§ DATASET SECTION
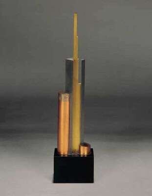 stainless steel, copper, brass, signed with etched initials 'JS' on base of sculpture, indistinctly number, on a black slate base
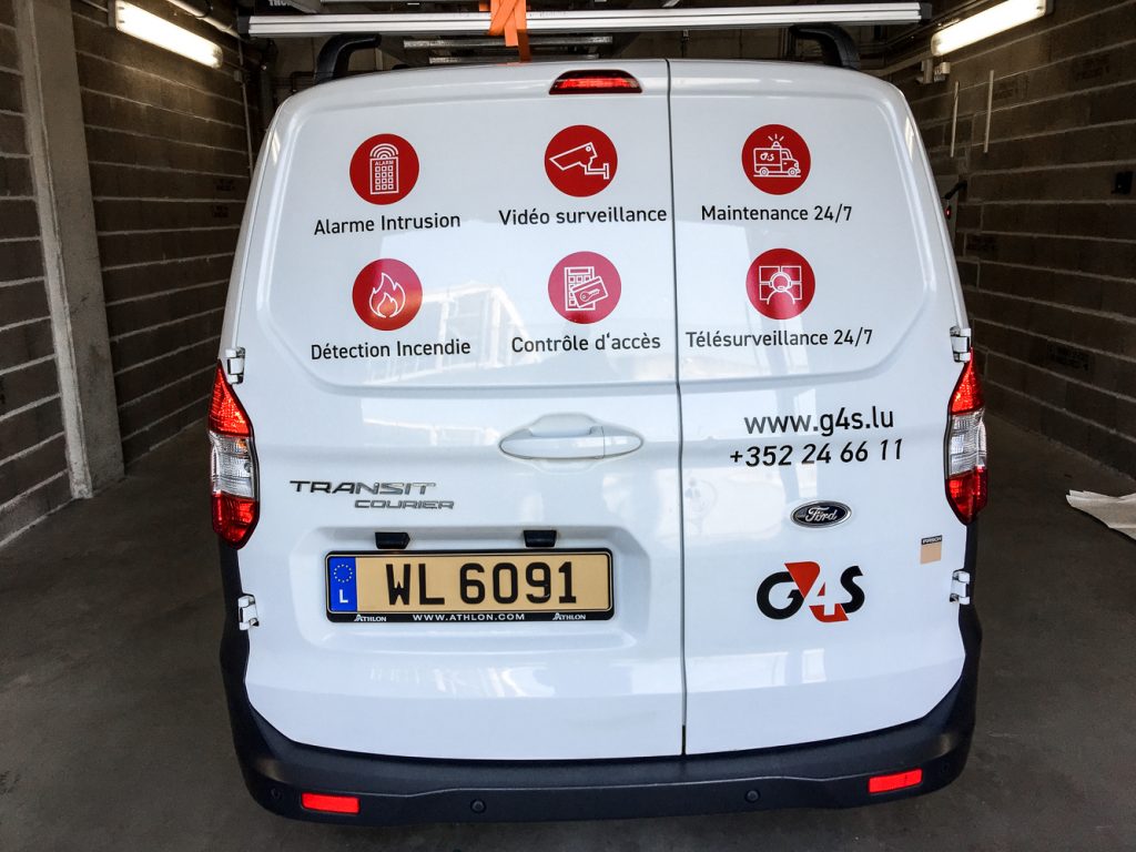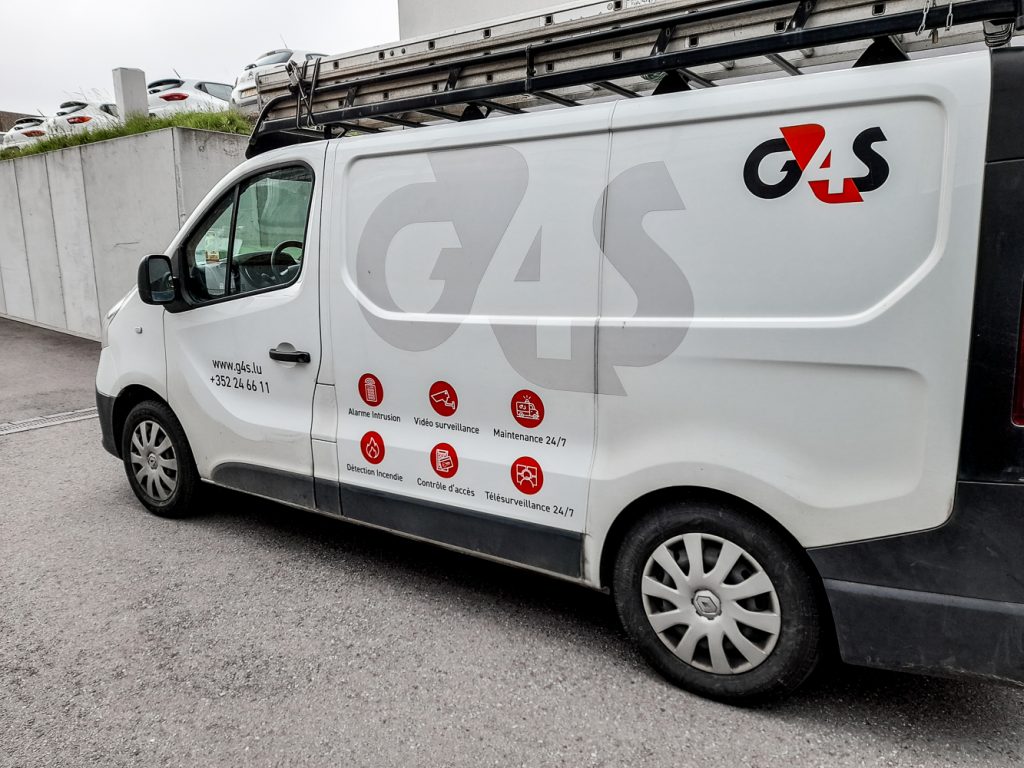 G4S Luxembourg souhaitait adapter les lettrages existant sur sa flotte de véhicules en spécifiant ses différentes activités via des pictogrammes.
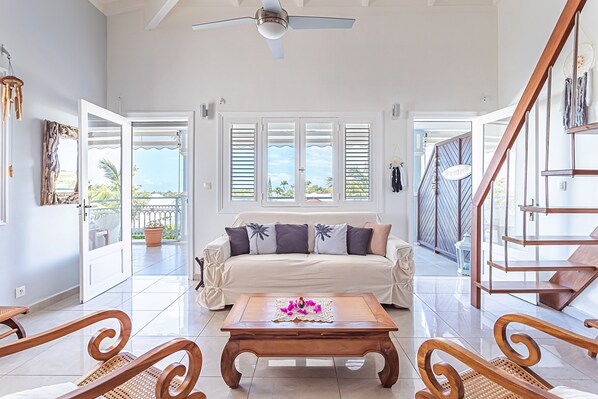 La Plantation "Le logement dispose d'une terrasse magnifique avec une vue mer et palmiers mémorable. La cuisine est bien équipée, il nous a manqué toutefois une cafetière avec filtre. Le Ti-punch à l'arrivée était une attention très appréciable. Petit bémol pour la chambre à coucher qui est sous les toits, il faut vraiment faire attention à ne pas se cogner la tête."

§ TRY IT
Copy out all the data exactly, skipping the pictures.

§ ANSWER BOX
 stainless steel, copper, brass, signed with etched initials 'JS' on base of sculpture, indistinctly number, on a black slate base
 G4S Luxembourg souhaitait adapter les lettrages existant sur sa flotte de véhicules en spécifiant ses différentes activités via des pictogrammes.
 La Plantation "Le logement dispose d'une terrasse magnifique avec une vue mer et palmiers mémorable. La cuisine est bien équipée, il nous a manqué toutefois une cafetière avec filtre. Le Ti-punch à l'arrivée était une attention très appréciable. Petit bémol pour la chambre à coucher qui est sous les toits, il faut vraiment faire attention à ne pas se cogner la tête."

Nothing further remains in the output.